E l’utilità e l’urgenza della Doc Calosso, riferita ad un vino prodotto “con uve “Gamba Rossa” meglio conosciute con il nome “Gamba di Pernice”, un vitigno autoctono presente da secoli in piccole quantità in vigne di tre comuni, Calosso, Castagnole Lanze e Costigliole” in provincia di Asti, con un disciplinare che prevedibilmente dovrebbe prevedere “quattro tipologie: la doc “Calosso” con gradazione minima di 11,5, “Calosso Passarà”, da uve passite e gradazione minima di 14 e due tipologie di spumante, una rossa e una rosata”, volete spiegarmi, visto che si tratta per ora di soli cinque ettari di vigneto, in che cosa consista?
Forse serve solo a consentire a politici, amministratori e burocrati vari, di fare dichiarazioni come quelle del presidente provinciale Coldiretti convinto “che la nuova Doc Calosso possa incontrare il favore dei consumatori ed essere quindi un’ottima occasione per il rilancio dell’economia locale”, o quelle del Sindaco di Calosso, secondo il quale con ”la nuova doc che porta il nome del nostro paese si aprono definitivamente nuove prospettive per la valorizzazione di tutte le peculiarità di Calosso” ?
L’amico Maurizio Gily ha annotato che “a Calosso c’è una vecchia questione che loro volevano il dolcetto d’alba invece c’hanno quello d’asti… soluzione: facciamo una nuova DOC”, ma può essere questo un motivo valido, a metà 2011, per creare l’ennesima, inutile, inconcludente, sconosciuta denominazione?
E, orgoglio campanilistico del Sindaco di Calosso a parte, a chi giova una deriva delle denominazioni d’origine del genere?

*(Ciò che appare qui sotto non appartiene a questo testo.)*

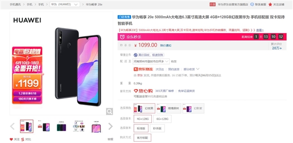 今天,京东618销量排行榜显示,华为畅享20e冲进6月14日销量榜前三名,该机售价是1099元(4GB+128GB)。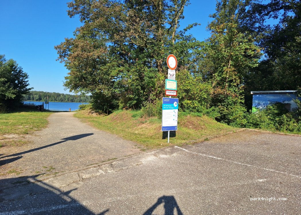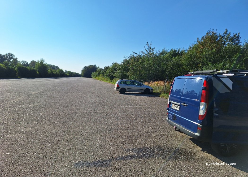 Parkplatz direkt an einem schönem Badesee. Waren dort für 2h zum abkühlen, auch mit Hund kein Problem. Kleiner Imbiss mit Cocktails, Eis und anderem essen. Digitale Parken über kennzeichenerkennung, hat super easy funktioniert.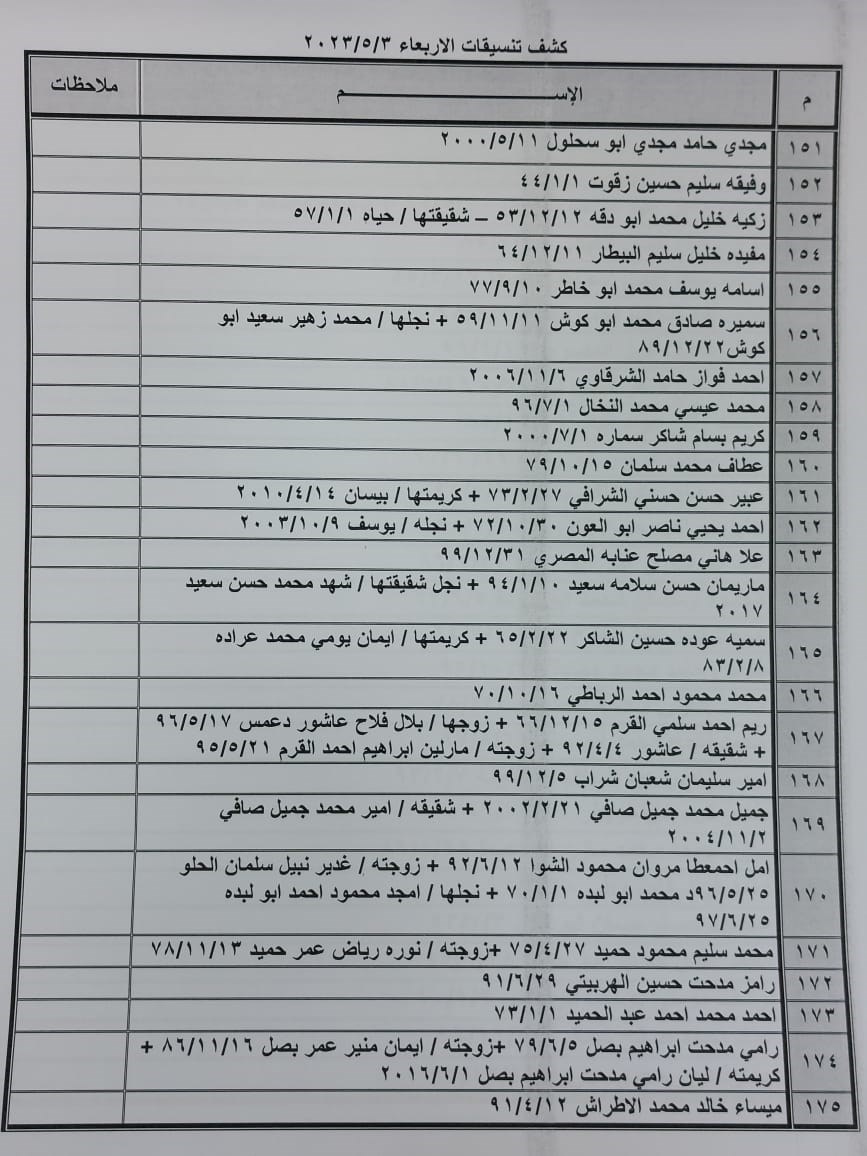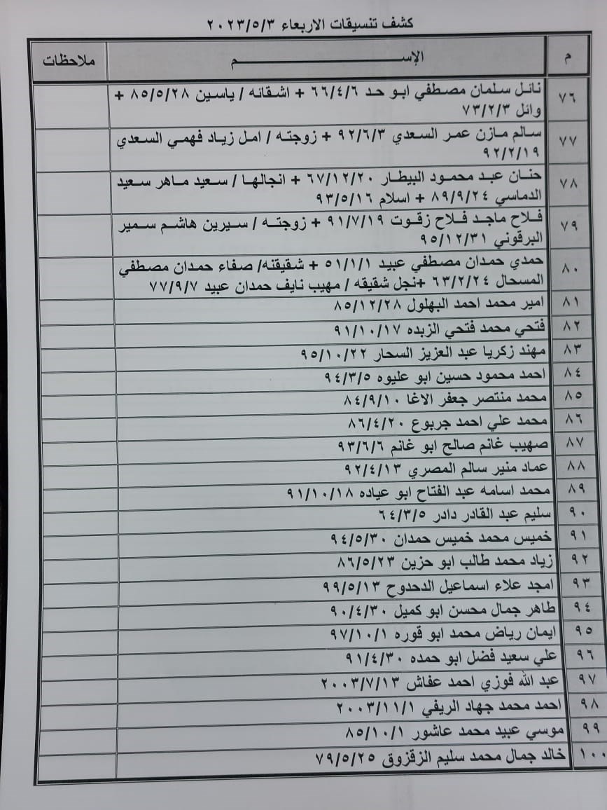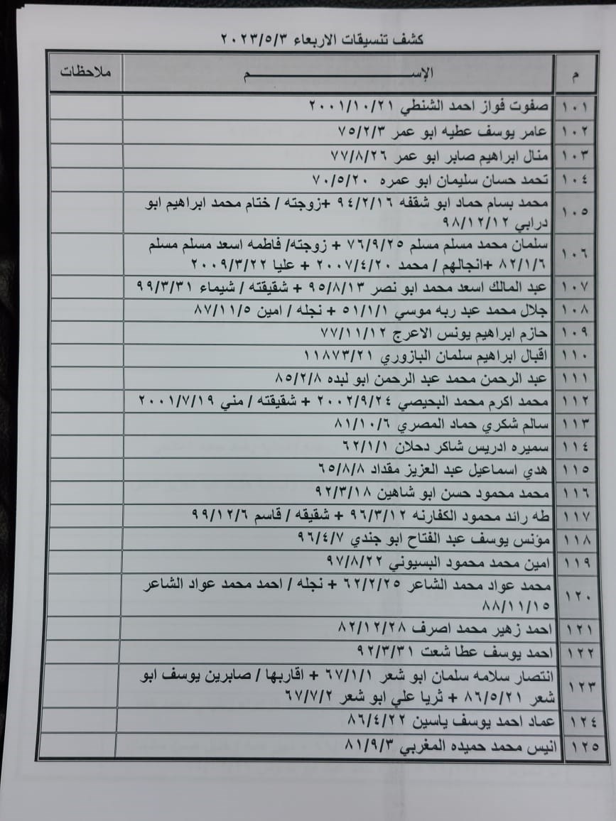 تعلن الهيئة العامة للمعابر والحدود بوزارة الداخلية والأمن الوطني عن وصول كشف "تنسيقات مصرية" للسفر عبر معبر رفح البري يوم الأربعاء (3 مايو)، والذين عليهم التواجد س 7:00 صباحاً في الصالة الخارجية للمعبر لتسهيل سفرهم.

22 pensieri su “Nuove denominazioni in arrivo dal Comitato nazionale vini: tranquilli, anche Calosso e Pontelatone avranno la loro Doc…

  1. La provincia di Varese non ha neanche una DOC e penso proprio che non la vorra’ mai, appunto per non disturbare questa ratificazione notarile di nuove denominazioni assolutamente stravaganti, frutto molto probabilmente delle solite questue elettorali di campanile che contraddistinguono la politichetta italiota anche nel settore del vino. Avanti, che c’e’ ancora posto!

  2. Su Calosso e il Dolcetto d’Alba temo di aver detto una sciocchezza, forse mi sono confuso con un’altra situazione simile. A mia discolpa posso dire che confondersi è sempre meno difficile.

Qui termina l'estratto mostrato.